_Entries provided_.
<<<<

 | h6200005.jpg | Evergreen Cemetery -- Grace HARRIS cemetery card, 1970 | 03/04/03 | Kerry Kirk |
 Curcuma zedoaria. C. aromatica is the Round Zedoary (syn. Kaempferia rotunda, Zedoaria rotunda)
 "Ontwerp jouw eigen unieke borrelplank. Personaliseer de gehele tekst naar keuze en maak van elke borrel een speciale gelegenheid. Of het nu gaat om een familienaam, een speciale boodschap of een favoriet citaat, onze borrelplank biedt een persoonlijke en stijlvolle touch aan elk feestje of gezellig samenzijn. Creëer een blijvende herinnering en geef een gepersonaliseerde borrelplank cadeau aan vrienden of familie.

>>>>
<<<<

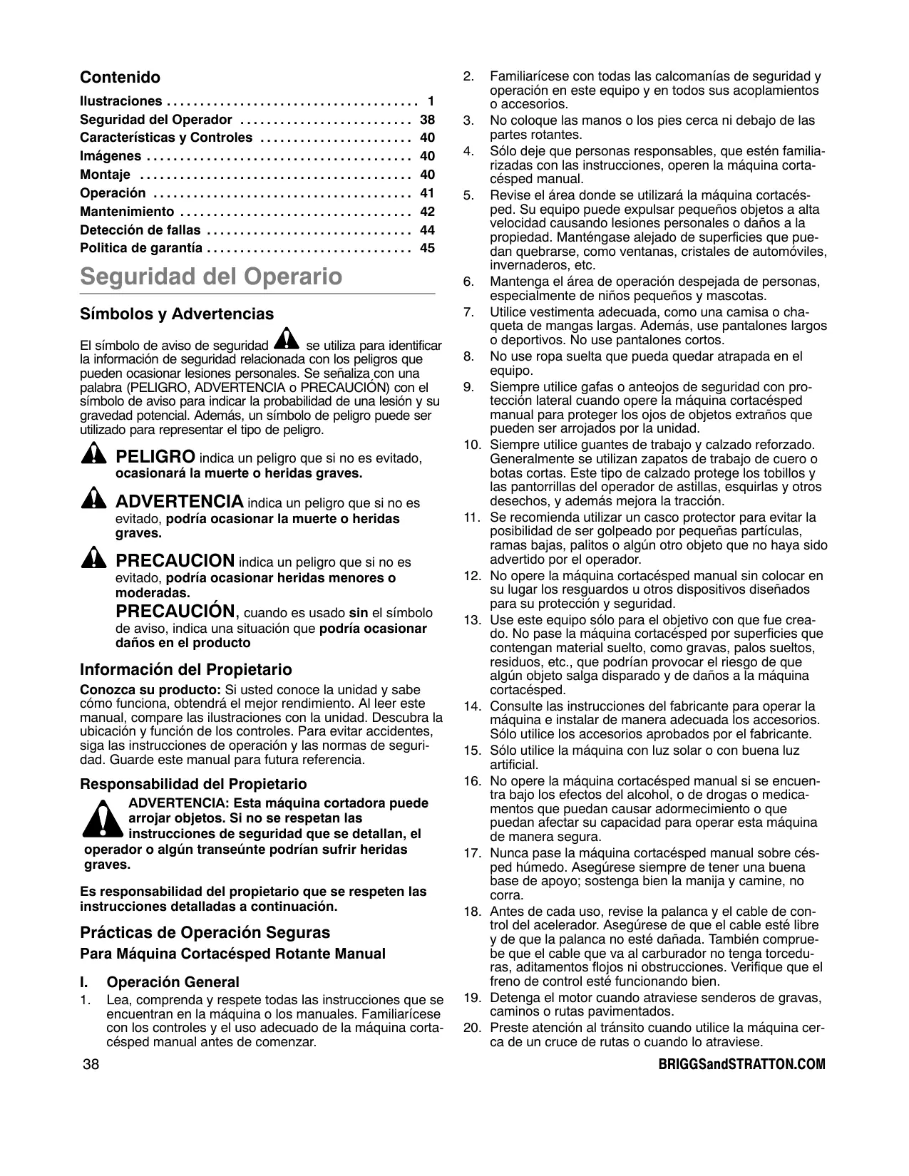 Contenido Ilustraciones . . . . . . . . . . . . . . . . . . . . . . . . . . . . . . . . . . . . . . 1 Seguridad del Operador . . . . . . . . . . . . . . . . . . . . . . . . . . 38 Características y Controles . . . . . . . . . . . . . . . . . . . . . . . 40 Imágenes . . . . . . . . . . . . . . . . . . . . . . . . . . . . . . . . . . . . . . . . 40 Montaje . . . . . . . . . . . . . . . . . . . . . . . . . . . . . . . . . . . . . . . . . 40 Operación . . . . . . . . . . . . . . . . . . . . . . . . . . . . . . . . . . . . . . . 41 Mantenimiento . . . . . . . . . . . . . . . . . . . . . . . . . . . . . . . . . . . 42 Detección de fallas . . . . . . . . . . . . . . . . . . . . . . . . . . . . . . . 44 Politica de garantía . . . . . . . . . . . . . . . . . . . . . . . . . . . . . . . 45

>>>>

_Exercise prompt_. When you reach the line containing "Curcuma zedoaria. C." in the data above, start copying exactly, and stop after the line containing "vrienden of familie.".

_Answer space_.
 Curcuma zedoaria. C. aromatica is the Round Zedoary (syn. Kaempferia rotunda, Zedoaria rotunda)
 "Ontwerp jouw eigen unieke borrelplank. Personaliseer de gehele tekst naar keuze en maak van elke borrel een speciale gelegenheid. Of het nu gaat om een familienaam, een speciale boodschap of een favoriet citaat, onze borrelplank biedt een persoonlijke en stijlvolle touch aan elk feestje of gezellig samenzijn. Creëer een blijvende herinnering en geef een gepersonaliseerde borrelplank cadeau aan vrienden of familie.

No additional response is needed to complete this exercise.